Там, где отсутствует, распадается личность, «персона», становится невозможной, недоступной рассказчику и полностью персонализованная стилистика. Описывая лагерную действительность, Шаламов – блистательный русский поэт, теоретик поэзии, написавший интересную работу о роли звукового повтора в стихосложении, человек, по собственному признанию инстинктивно грамотный, – время от времени впадает в косноязычие, повторяется, путает падежи, предлоги, порою просто игнорирует правила грамматики: «На поселке лыжному отряду отвели не палатку…» (1: 99), «Крист не ходил в лагерь при круглосуточной его работе» (1: 326), «Мое были ягоды, корни травы, пайка» (1: 401).

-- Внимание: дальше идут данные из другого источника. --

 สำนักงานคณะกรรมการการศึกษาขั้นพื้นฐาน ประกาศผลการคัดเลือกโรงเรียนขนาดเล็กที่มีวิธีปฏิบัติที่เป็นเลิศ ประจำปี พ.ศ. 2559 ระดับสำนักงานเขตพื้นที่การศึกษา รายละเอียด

Мы не можем последовать за Солженицыным и всерьез рассматривать искаженную грамматику «Колымских рассказов» как прямое, буквальное физиологическое следствие изменений непосредственно авторской психики. И в поэзии, и в мемуарной прозе, и даже в переписке (жанрах, подразумевающих большую грамматическую свободу) Шаламов – при желании, естественно – придерживается конвенциональных норм.
Более того, Шаламов категорически запрещал исправлять в тексте «Колымских рассказов» даже явные оговорки и ошибки. Попытки привести прозу «Колымских рассказов» в соответствие с правилами русского языка приводили Шаламова в ярость:
«Сентиментальное путешествие» Стерна обрывается на полуфразе и это ни у кого не вызывает неодобрения. Почему же в рассказе «Как это началось» все читатели дописывают, исправляют от руки не дописанную мною фразу «Мы еще рабо…» И как бороться за стиль, защитить авторское право? (5: 155)

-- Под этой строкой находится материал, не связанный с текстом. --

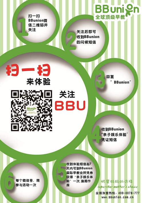 【免费亲子娱乐体验活动】只要打开微信扫一扫我们的二维码,关注我们的微信,就可到会所免费享受一次BBunion最专业的教育顾问亲自主持的“亲子娱乐互动”,名额有限,妈妈们还等什么?赶紧打开微信扫一扫吧,步骤如图序号提示。

Поскольку грамматика – одна из самых жестких и малоизменчивых подсистем языка, резкое отступление от ее предписаний не проходит незамеченным.
Шаламов высоко ценил такие неровности и как риторический прием, и как средство самопровокации. В работе «О прозе» он замечает:
Говорят, объявление лучше запоминается, если в нем есть орфографическая ошибка. Но не только в этом вознаграждение за небрежность. Сама подлинность, первичность требуют такого рода ошибок. (Там же)[82]

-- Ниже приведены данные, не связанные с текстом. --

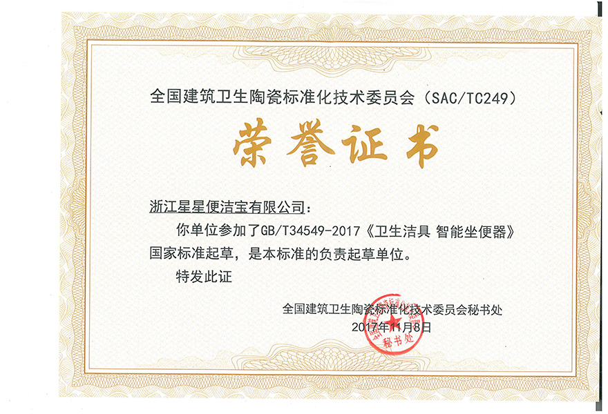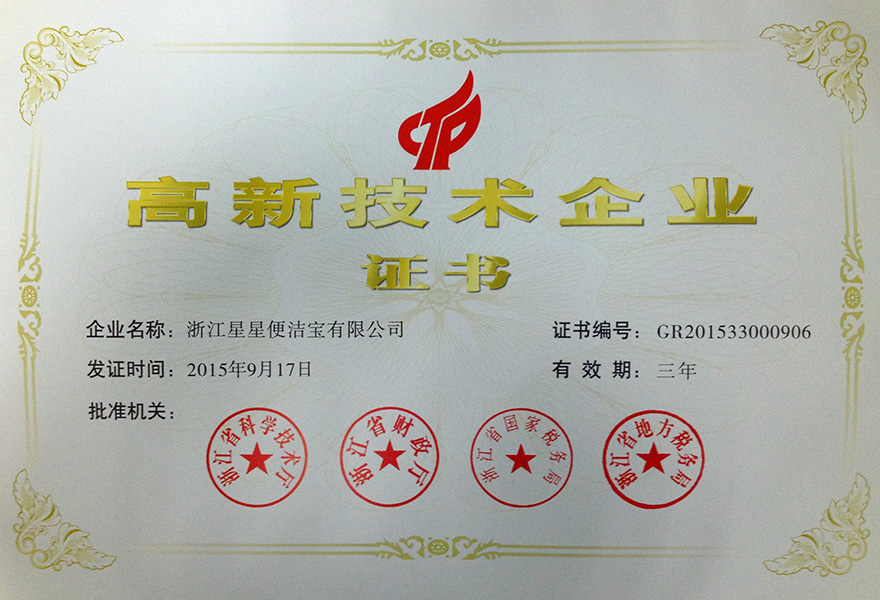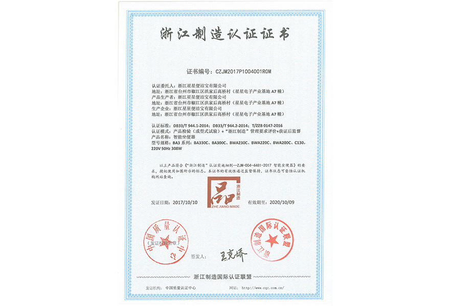 浙江星星便潔寶有限公司成立于1998年,是國(guó)內(nèi)最早自主研發(fā)、生產(chǎn)智能馬桶的企業(yè)之一。歷經(jīng)近30年的發(fā)展,現(xiàn)已成為國(guó)內(nèi)技術(shù)水平領(lǐng)先、產(chǎn)能規(guī)模居前,融合設(shè)計(jì)、研發(fā)、生產(chǎn)、銷售為一體的智能馬桶企業(yè)。公司參與起草了智能馬桶的國(guó)家、行業(yè)、地方三大標(biāo)準(zhǔn),是智能馬桶“浙江制造”首張認(rèn)證單位,同時(shí)也是首批通過CCC認(rèn)證的單位。

Того же требует и изображаемое состояние рассказчика:
Трудно было писать, потому что мозг загрубел так же, как руки, потому что мозг кровоточил так же, как руки. (2: 127)
Дадут ли тебе что-нибудь есть в этот день – об этом не думалось, да ни о чем не думалось, ничего в мозгу не оставалось, кроме ругательств, злости и – бессилия. (2: 352)
Искаженная грамматика, повторы, неровности стиля естественно отражают формы бытования языка – и его носителей – в условиях лагеря.
По мнению лингвистов, грамматическая структура предложения в значительной степени отражает структуру мышления говорящего или пишущего. Борис Успенский описывает эту языковую ситуацию следующим образом: «Грамматика в принципе задает правила порождения текста… Правила как таковые позволяют манипулировать смыслом – и тем самым моделировать мир» (Успенский 1994: 16).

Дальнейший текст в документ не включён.